Маленькую желтую скатерть и другие такие же скатерки он берег и не отдавал в механическую прачечную — они когда-то покрывали поднос, на котором он по утрам подавал покойной жене завтрак. Ей же принадлежали голубые, как яичко малиновки, солонка и перечница и серебряный кофейник, в котором судья теперь варил себе по утрам кофе. Во время ее болезни он стал постепенно вставать все раньше и раньше, сначала готовил себе завтрак, а потом, любовно приготовив еду для жены, выходил в сад, чтобы нарвать цветов и украсить ими поднос. Он осторожно нес его наверх и, если жена спала, будил ее поцелуем — ему не хотелось начинать день, не услышав ее нежного голоса, и уходить на службу, не увидев ее ободряющей улыбки. (Правда, когда она заболела, он ее уже не будил; однако и тогда не мог начать своих дел, не увидев ее, и поэтому иногда, особенно под конец, уходил в суд только после обеда.)

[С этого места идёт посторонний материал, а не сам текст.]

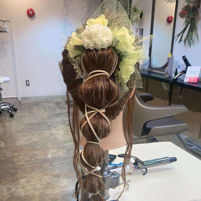 後ろで高い位置にポニーテールを作り毛束をポンポンポンっと丸く結んで小さい玉ねぎを作りワイヤーポニーを巻いて
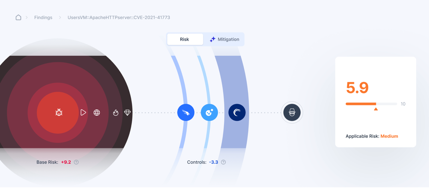 - Rapid risk mitigation – Uses existing security controls (such as CNAPP, EDR, and WAF) to prescribe immediate mitigations across thousands of assets, removing lengthy patch cycles from the critical path.
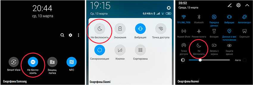 Для активации вышеупомянутого режима надо открыть шторку уведомлений, найти там соответствующий значок и нажать на него. Режим будет включен мгновенно. Отключить его можно таким же способом. Если требуемый значок по какой-либо причине отсутствует, то включить и выключить режим «Не беспокоить» можно будет через настройки телефона. Как это сделать, мы расскажем в следующих разделах. Инструкции для телефонов различных брендов чуть отличаются, потому мы рассмотрим самые популярные варианты, характерные для Android смартфонов Samsung, Xiaomi и Huawei. Также представим особенности настройки режима на таких аппаратах.

Но горечь утраты притупилась с годами, и, несмотря на то, что судья был окружен вещами жены, он редко вспоминал мисс Мисси, особенно за завтраком. Он просто брал в руки ее вещи и сидел, горестно уставившись в голубые солонку и перечницу.
Тревога всегда возбуждала у судьи аппетит, а сегодня он был особенно голоден. Внук накануне вернулся около часу ночи и сразу же пошел спать, и, когда судья поплелся за ним, мальчик прикрикнул на него резким, неприятным голосом:
— Не приставай ты ко мне Христа ради, не приставай! Неужели нельзя оставить меня в покое?

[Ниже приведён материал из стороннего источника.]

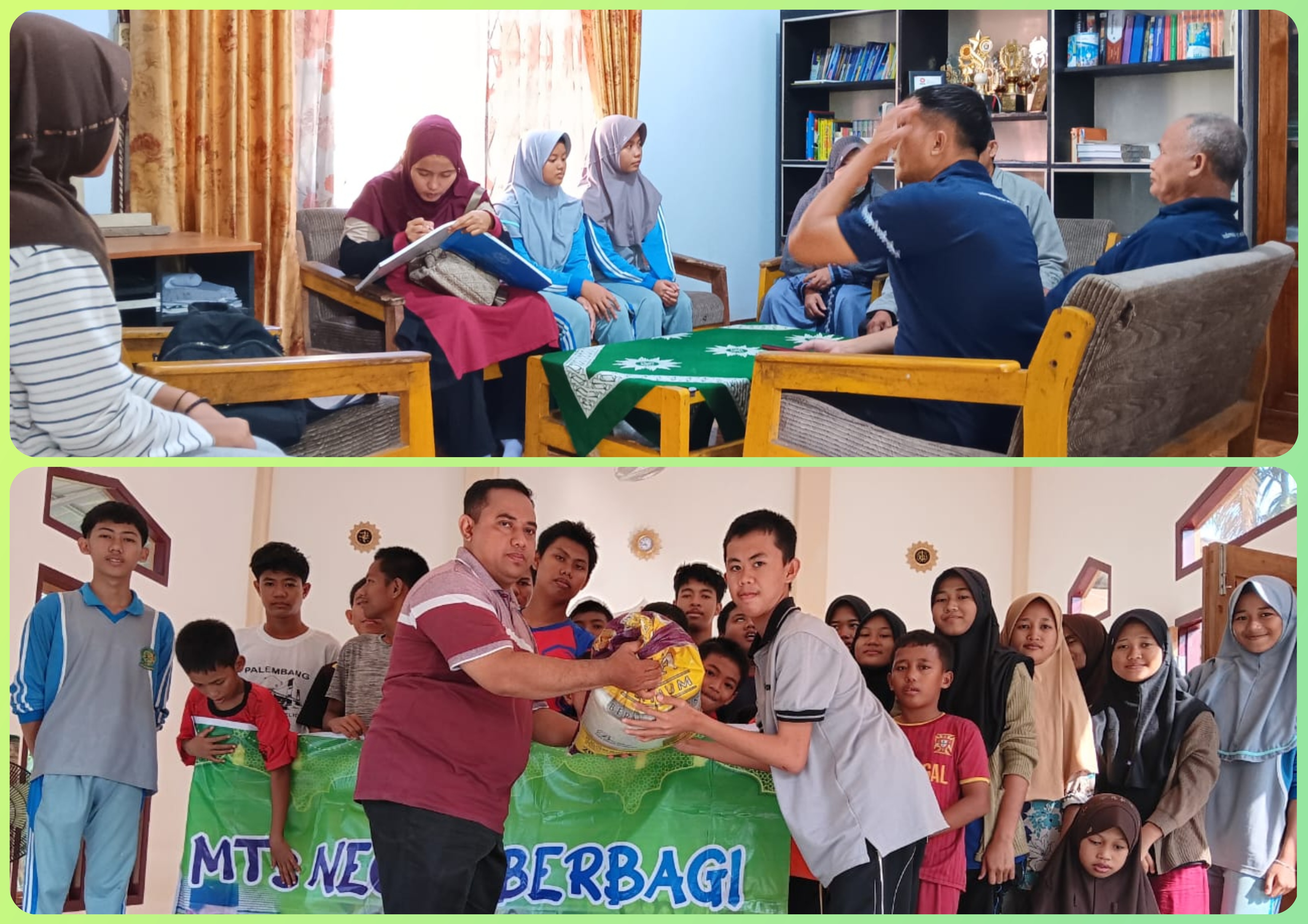 Muara Bulian, MTsN 1 (TIM Web) --- Madrasah Tsanawiyah Negeri 1 Batang Hari menggelar kegiatan Bakti Sosial “MTs NEGSA Berbagi†yang diinisiasi oleh Pihak Madrasah, Organisasi Siswa Intra Sekolah (OSIS) dan Peserta MATSAMA Tahun Ajaran 2024/2025. Kegiatan kepedulian sosial ini diadakan pada Sabtu 20 Juli 2024 di Panti Asuhan Disabilitas Tiara Bhakti dan Panti Asuhan Muhammadiyah Kab. Batang hari, sebagai bentuk nyata kepedulian madrasah terhadap sesama.

Взрыв произошел так неожиданно, что судья в батистовой ночной рубашке смиренно повернулся и зашлепал к себе босыми розовыми ногами. Даже услышав среди ночи, что Джестер плачет, он побоялся к нему войти.
Вот по этой-то веской причине судья и был смертельно голоден в это утро. Сначала он съел белки от яиц — наименее вкусную часть завтрака, потом старательно нарубил желтки, поперчил их, сдобрил майонезом и изящно намазал на гренок. Ел он с наслаждением, нежно заслонив парализованной рукой положенную по диете пищу, словно ограждая ее от нападения. Покончив с гренками и яйцами, он принялся за кофе, который он осторожно нацедил из серебряного кофейника. Положив сахарин, он подул на кофе, чтобы его остудить, и стал медленно, очень медленно прихлебывать. Выпив первую чашку, он обрезал кончик утренней сигары. Было уже около семи часов, небо нежно голубело, что предвещает погожий, солнечный день. Судья наслаждался то кофе, то первой сигарой. Когда с ним случился маленький удар и доктор Тэтум запретил ему виски и сигары, судья поначалу страшно встревожился. Он украдкой курил в ванной и выпивал в буфетной. Он отчаянно препирался с доктором, но потом смерть сыграла злую шутку с этим убежденным трезвенником, который никогда не курил и только изредка позволял себе пожевать табак. И хотя судья был убит горем и больше всех оплакивал покойного на поминках, когда печаль его поутихла, он почувствовал тайное, глубоко скрытое облегчение, в котором никогда бы не сознался. А через месяц после смерти доктора Тэтума он открыто курил сигары и пил, как прежде, не таясь, но из предосторожности стал довольствоваться только семью сигарами в день и полулитром пшеничного виски.